Consistency in configuration is key for management and troubleshooting. The UniFi platform allows the configuration of Profiles. I’ll be looking at Switch Port Profiles in order to quickly set parameters to a switch port with just a drop down option.
In my lab, I have an 8-port UniFi switch, UniFi Cloud Key Gen2 Plus, and a UniFi Security Gateway (USG).
As an example, let’s say there’s an environment where many access points will connect. In my Wi-Fi network I’ll have two SSIDs broadcasting, both on different subnets. Rather than going every single port, converting it to a trunk and allowing the specific VLANs, I’d like to just select a Switch Port Profile to configure that all for me.
Log into your UniFi dashboard and click on the Gear icon located on the bottom left of the window. Once the Settings page is available, on the left navigation under Settings, click on Profiles.
Profiles has two sections, RADIUS and Switch Ports. Click on Switch Ports.
I already have Switch Port profiles configured. But we’ll add a new one for this example. On the bottom, click on Add New Port Profile.
Next, we enter the various parameters for our UniFi Switch Port Profile. Give it a descriptive name. Since I’m configuring this profile for access points I will enable PoE/PoE+.
My access points will be plugged into a trunk port. I’ll need to set the Native VLAN or what UniFi calls the Native Network. I like to place all my access points on my infrastructure VLAN which I’ve selected in the drop down.
Next, we tag the networks we want to include on this trunk. These are the two networks I’ll map to my SSIDs.
The other settings I’ll leave as default. But we could modify settings such as the Link Speed or maybe set up Storm Control. There have been scenarios where I’ve needed to set a threshold for multicast or broadcast.
Once finished, click on Save.
Now it’s time to use this Switch Port Profile. I head over to Devices and select my UniFi switch.
I see see switch ports I can modify. Select one of the ports to bring up the menu so we can modify the settings.
Hover over the port you want to configure and click on the pencil icon to modify.
Within the individual switch port, we can select a Switch Port Profile, the one we just configured, in the drop down menu. Select this profile and click on Apply.
The switch port is now configured as a trunk with the requirements we need to properly allow the broadcast and operation of our Wi-Fi network.
Switch Port Profiles can be configured to your requirements. In my example, I used access points. But maybe you have a set of different server port configurations. Configure the Switch Port Profile and now it’s much simpler, efficient, and clean to set the port configuration.
Sure, you can set up the port to be a trunk allowing all VLANs, but why should you allow VLANs on a port that isn’t required to be on?
Gabriel Schneider says
Hello Rowell, thank you for your description.
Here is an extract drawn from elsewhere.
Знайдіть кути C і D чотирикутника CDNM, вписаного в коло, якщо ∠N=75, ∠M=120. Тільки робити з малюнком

Would it be possible, to use Switchport Profiles to automatically turn Ports scheduled on and off?
Have a nice day and greetings from Bonn, Germany,
No, I don’t think there is a way to set up a schedule within a switch port profile.
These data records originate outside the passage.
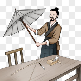 手绘水彩风鲁班造伞场景素材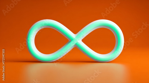 © SashaMagic, Fototapeta premium Neon infinity symbol on vibrant orange background, 3D render.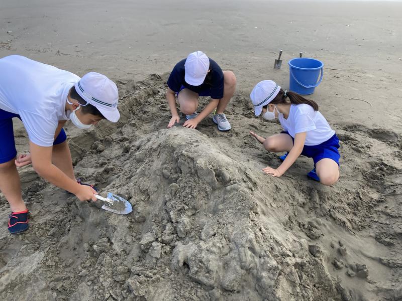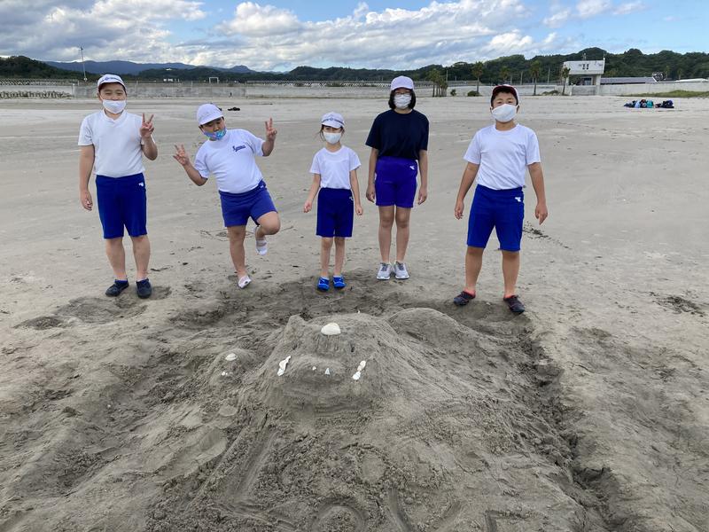 午後の活動は、砂の芸術です。5人でか考え、協力して「ウリ坊」を作りました。子ども達の芸術作品、ご覧ください!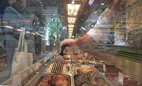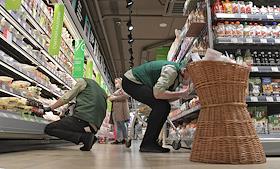Экономика и бизнес Москва во время режима самоизоляции из-за опасности распространения коронавирусной инфекции COVID-19. Жанровая фотография. Работа магазина "Азбука вкуса".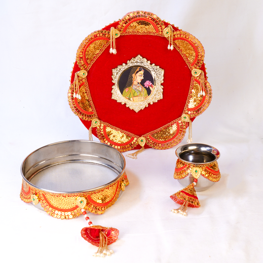 Red Designer Karwa Chauth Thali Set with Cover | Steel Thali Channi and Kalash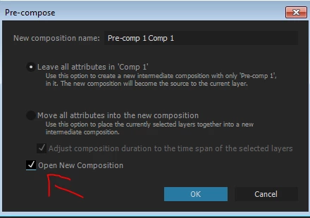 Now when I pre-compose, it opens another window but brings me there immediately which is very annoying. I've tried unticking the "Open new composition" to see if that would change anything. It left me in the same window, but that just means I have to bring it down the composition manually from the project tab which is also very annoying.

thank you for your walkthrough.
I have a Unifi wifi AP outside to cover my garden. This AP uses a POE+ from a 60-W switch.
This is a weak spot as any user can unplug the LAN cable from the AP and put it in his laptop – and has now access to my LAN.
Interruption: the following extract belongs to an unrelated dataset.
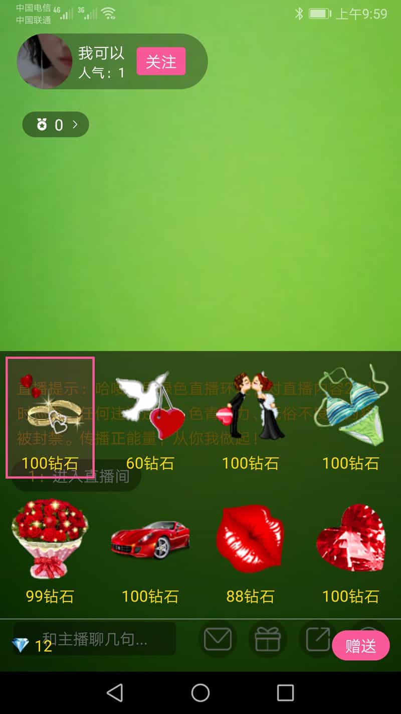 4:可以向主播发送礼物打赏

Is there a way to use switchport settings to block any other device than the AP? Or any other traffic than wifi?
Thank you for your opinion!
I recommend looking into mac filtering. I haven’t used it on Unifi switches yet but I believe this setting is located at Profiles > Switch Ports > 802.1x > Mac-based
hello. Do you know how come my devices can’t get an IP address when connecting to a network (both wireless and wired) that isn’t the main LAN?
I can’t tell from that much info but it’s probably a missing VLAN, no DHCP server, or your switch port isn’t a trunk.
Tolle Colart says
Hi, is there a way to see on which ports a specific profile is used? Or do you have to check every port of every switch to see if a specific profile is in use?
There is no summary page that shows you what port is using which profile.